Multiple Oppositions

This approach uses pairs of words that vary on multiple dimensions (voice, place, manner, linguistic unit) to create wide-spread change for the child's phonological system.

Who It's For:

This is appropriate for moderate to severe speech disorder with consistent phonological errors and phoneme collapse (5+ sounds are substituted for 1 sound). Children who are 3-9 years old, have at least 6 sounds in error across 3 different manner classes of sound production. This approach can also be appropriate for children with speech delay-otitis media with effusion and speech sound disorders of known origin (cleft palate, Down Syndrome, etc.).

How It's Practiced:

Contrast a known sound with 2-4 unknown sounds. The inventervention process will include the following phases: familiarization, imitation, independent production in play/drill-play, and conversation.

Target selection

  • Maximal Classification: Different in manner of production, place of production, voicing and linguistic unit (single sound vs. cluster).
  • Maximal Distinction: Maximally different from the child’s error substitute.
  • Consider frequency that target appears in English language.

Goal Attack Strategy

  • Horizontal = simultaneous
  • Vertical = sequential
  • Cyclical = rotating


Phase 1: Familiarization and Production of Contrasts

  • Introduce the rule, target sounds, picture stimuli and vocabulary. The rule will focus on the phoneme collapse being targeted. You will teach the child about sounds using child-friendly terms (long sound, short sound, buzzy sound, etc.). Remember to include the written word with picture, highlight written word to draw child’s attention to it. You usually spend 1 session here.

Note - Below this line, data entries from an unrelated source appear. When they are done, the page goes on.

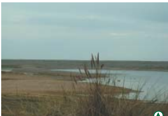
Le Hâble d'Ault

Pour pallier cette évolution et conserver la biodiversité de la réserve, des travaux de restauration ont été nécessaires. Ils ont consisté à enlever tous les végétaux autres que pionniers sur les îlots composés essentiellement de galets grâce à un extirpateur (les méthodes de fauche traditionnelle ne pouvant s'appliquer sur ce type de substrat).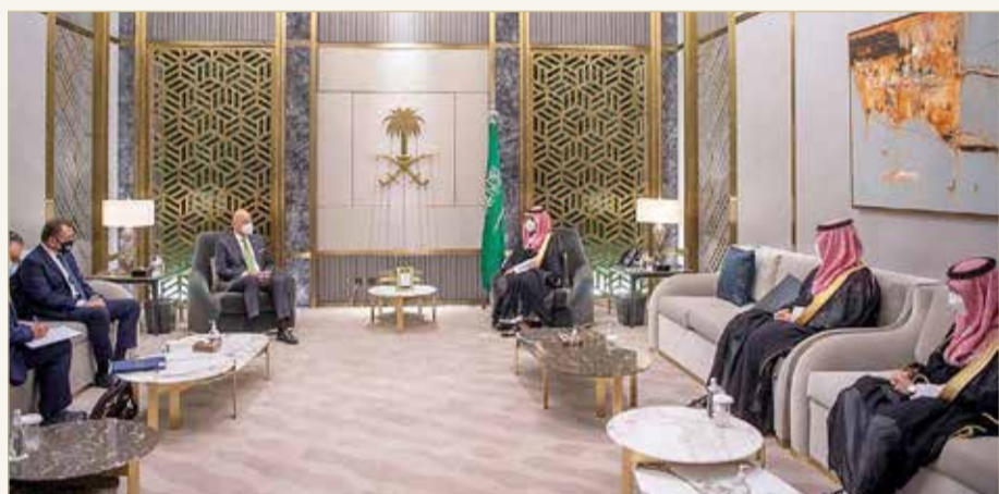
من اجتماع ولي العهد السعودي ووزير خارجية اليونان، واس

الكفيلة بدعمه وتطويره، إلى جانب بحث الأوضاع الإقليمية الراهنة والجهود المبذولة بشأنها.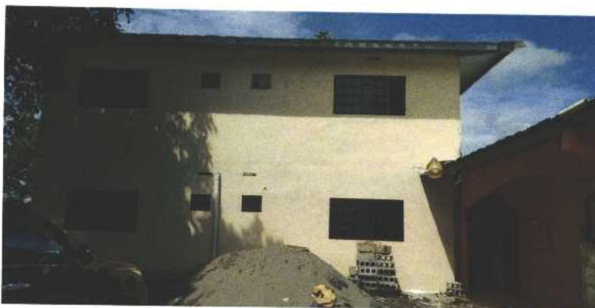
Figura 1. Vista de estructuras ya construidas en el proyecto “OFICINAS-LOCALES”. Corregimiento de San Félix, distrito de San Félix, provincia de Chiriquí, noviembre 2020.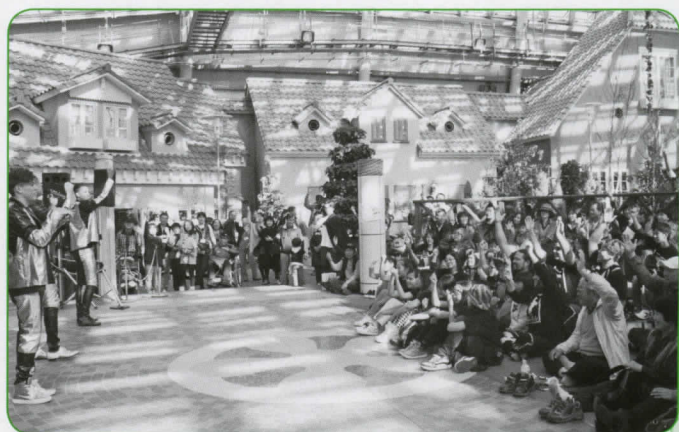
▲ハーフ・ミックスのボーカルユニット「No Side」はブラジル、イタリア、アルゼンチン、ペルー、ギニアなどさまざまな国をルーツに持つメンバーです。彼らの歌とメッセージに、会場の雰囲気がひとつになりました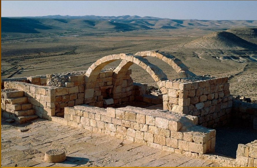
Места проживания древних евреев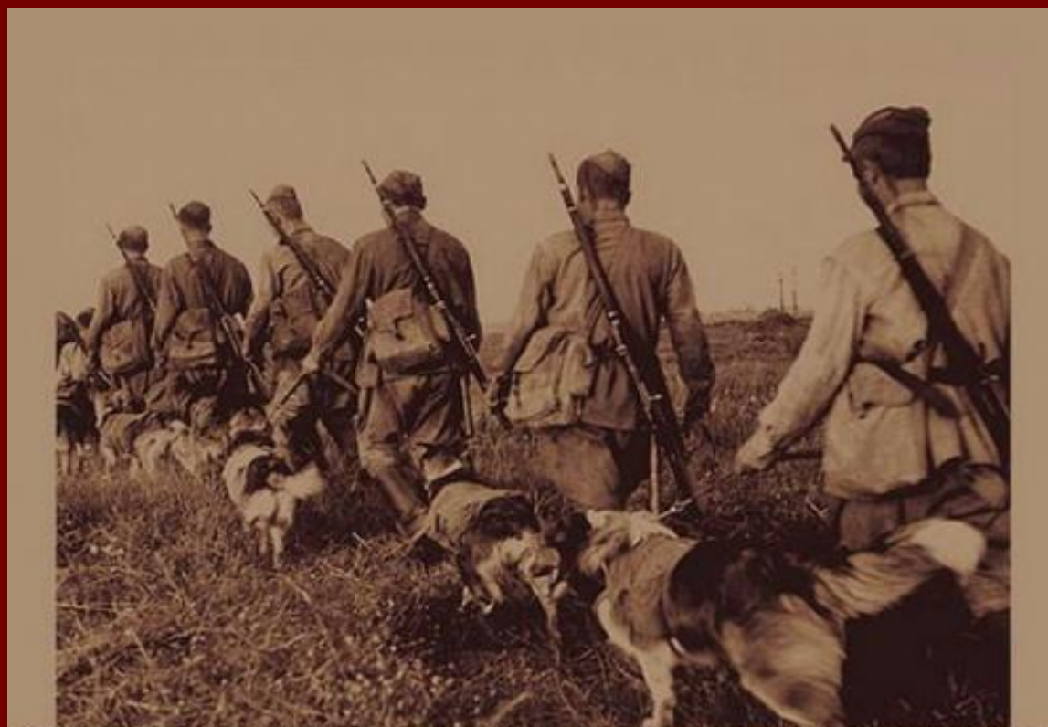
Фото 1942 года . Фронтные собаки -Бойцы со своими проводниками.

По всем военным дорогам прошли более 68 тысяч собак, которые внесли неоценимый вклад в дело Великой Победы над врагом.

Phase 2: Production of the Contrasts and Interactive Play

Step 1: Focused Practice (Imitative Productions)
  • The child will repeat your productions. You will provide support as needed. Support can include but is not limited to: simultaneous production, shadowing child’s production, comparison word followed by target word. You will begin to fade support once the child reaches 40-50% accuracy. The goal is for the child to produce targets with 70% accuracy in 20 to 30 responses for 2 consecutive sessions to move to phase 2.
Step 2: Focused Practice (Spontaneous Productions)
  • The child will produce targets spontaneously. Begin the session with a drill activity then use naturalistic play activities at the end of the session. Naturalistic play usually focuses on the target word (choose the target word that is most difficult). If child produce target inaccurately, SLP provides 3 models in sentences then encourages child to try it. This activity should last 5-8 minutes with about 20 elicitations from child. The child must produce targets with 90% accuracy in 20 to 30 responses for 2 consecutive sessions to move to phase 3. The majority of the treatment approach will be spent in Phase 2.

Phase 3: Production of Contrasts within Communicative Contexts

  • You will engage in turn-taking play-based activities. You will provide feedback for inaccurate production by showing confusion or repeating inaccurate word back to the child to give them to opportunity for correction.

Phase 4: Conversational Recasts

  • You will engage the child in conversational activities. When a child produces an inaccurate production you will repeat the inaccurate production to give the child an opportunity to correct.

Checking for Generalization

  • You will have a list of 10 untrained words with the target sound in the same position. When the child obtains 90% accuracy on the untrained targets, a conversational speech sample will be obtained. There should be frequent opportunities to target the sound. When the the child produces the target sound in their conversational speech with 50% accuracy, you will no longer treat that sound.

Download Multiple Oppositions Handout Here


3 sessions per week, aim for 50+ trials per session for 10 weeks.


Lee, S. S. (2018). The treatment efficacy of multiple opposition phonological approach via telepractice for two children with severe phonological disorders in rural areas of West Texas in the USA. Child Language Teaching and Therapy.

Storkel, H. L. (2022). Minimal, maximal, or multiple: Which contrastive intervention approach to use with children with speech sound disorders? Language, Speech, and Hearing Services in Schools, 53(3), 632–645.

Williams, A.L., & Sugden, E. (2021). Multiple Oppositions Approach. In Interventions for Speech Sound Disorders in Children (2nd ed., pp. 61-90). essay, Paul H. Brookes Publishing Co.